Tara's dad competed yesterday at the Westminster Kennel Club Show.
This is the breed entry list. He is Ch Alkarah's All American. Also if you look you can see that Tara's Grandfather, Kismet's Sight for Sore Eyes, sired several other competitors.
http://www.westminsterkennelclub.org/2008/entries/breed/germshep.html

This is the video of the judging. Tara's father is the first dog shown individually. He is #5
http://video.westminsterkennelclub.org/player/?id=216528

He didn't win but we and Tara are very proud of him


----------



## elsie (Aug 22, 2001)

mr boss' daughter was dating a fellow last year that owned a GSD. Kismet's Sight for Sore Eyes was in his dog's lineage. wasn't this dog the one that jimmy moses handled for a number of years?


----------



## JenniferH (Oct 9, 2007)

Kismet's Sight for Sore Eyes is in Bella's lineage also. Grand or great grand sire.
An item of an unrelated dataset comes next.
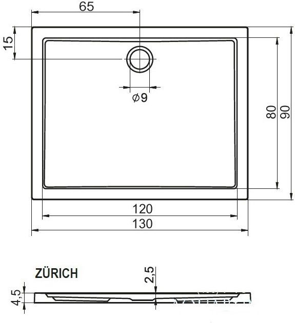 1) Душевой поддон Riho Zurich 262 130х90 см акрил белый

I forget which.


----------



## elsie (Aug 22, 2001)

Dallas !!!


----------



## nina strange (Feb 25, 2008)

i own Chip if you would like some pics just let me know.
Nina strange


----------



## nina strange (Feb 25, 2008)

I own Alkarah's all American "Chip " to his friends he lives with me in the UK if you would like some pics just let me know.
Nina


----------



## katieliz (Mar 29, 2007)

dallas was used extensively and is in many, many, many pedigrees.


----------